The editorial staff at NYT obviously wants to make good, honest decisions and carry out an important social mission to the benefit of us all. But what if it's not their choice anymore? What if there are collective dynamics that supersede individual agency?

(I do not mean to say that the NYT operates as a cult; it's more that we might be witnessing the sort of dynamics we traditionally see in cults play out across the social media landscape at large.)

1 comments

How can you absolve the people working there from their responsibility? They are not grasshoppers, they have, I assume, a functioning prefrontal cortex and can see the corruption as plainly as anyone else. Anyone left at the NYT is there by choice and is a willing participant in this disgrace.
I think this can become more difficult when you consider-- where else would they gain enough money to feed themselves, their dependents, and otherwise remain employed? Their industry is already dying, the NYT is one of the few still stable bets that they can remain in their specialty. Otherwise they may be risking poverty while they re-train into a new specialty and a permanent decrease of lifetime earnings during their re-training period, which will then go on to impact any children they have.

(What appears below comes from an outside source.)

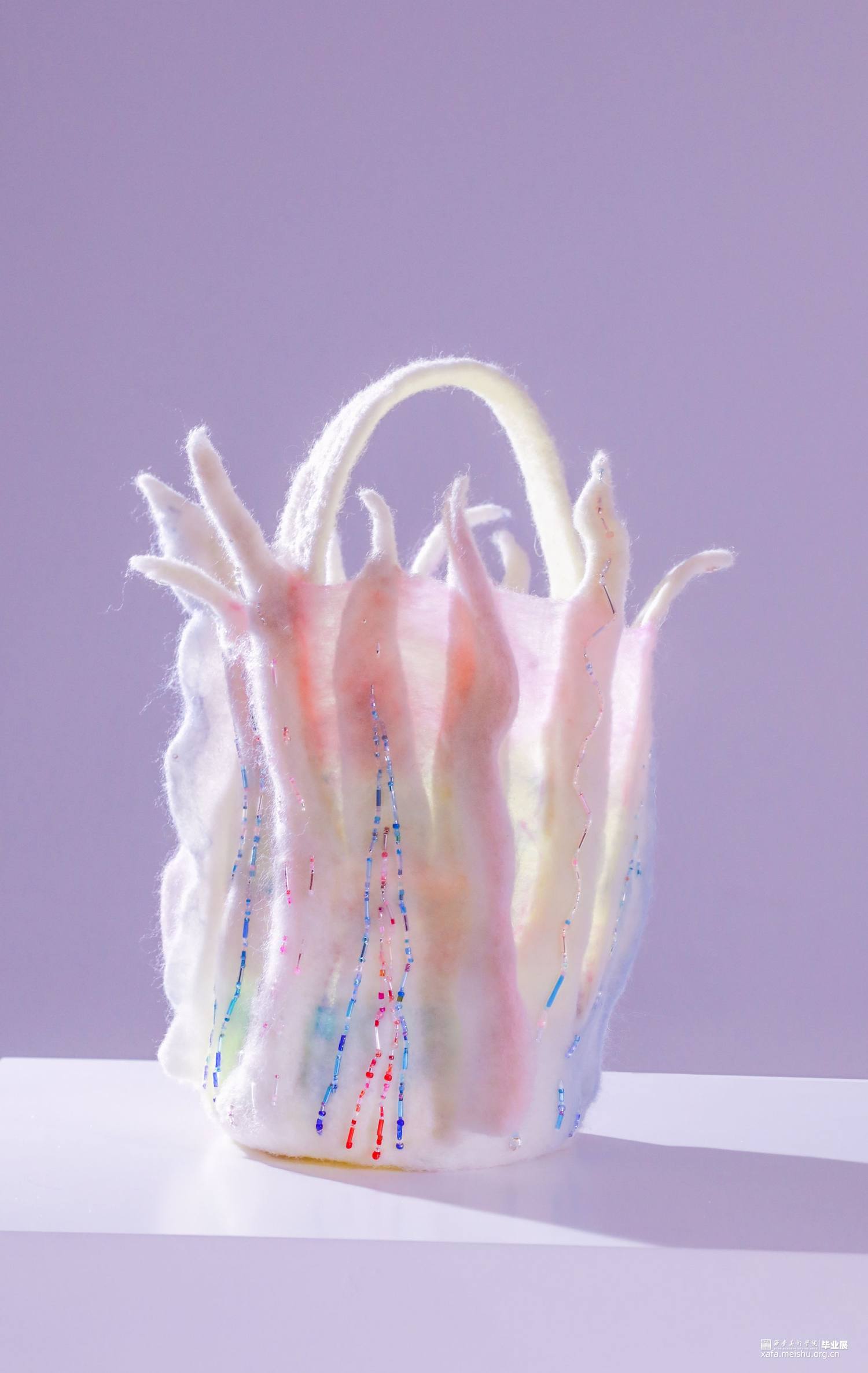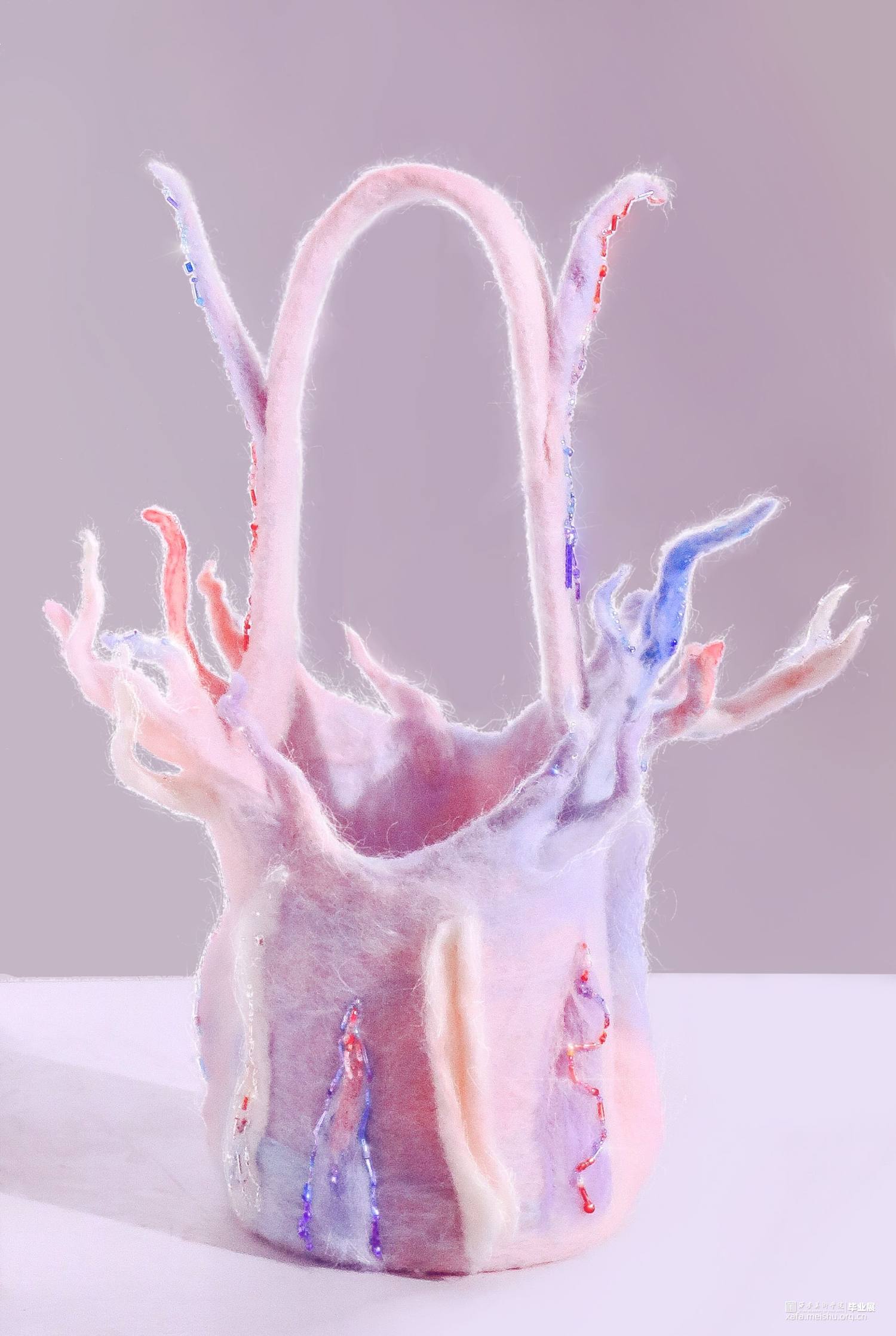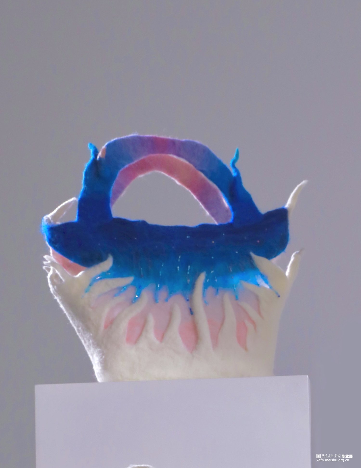 以唐代镇墓兽为灵感的对中国古代幻想艺术与现代服饰设计结合的一次尝试,创造出具有现代女性化特征的羊毛毡箱包作品。

I don't mean to say that this is a good or morally correct choice by society's notion, merely that the choice may be more difficult individually.

I think you are being overly charitable. The NYT staff is far from unemployable elsewhere. They just made a calculus that their conscience, and the nation's soul, are not worth the loss of personal status that a departure from what used to be the worlds best newspaper might engender. For that choice they deserve nothing but disdain.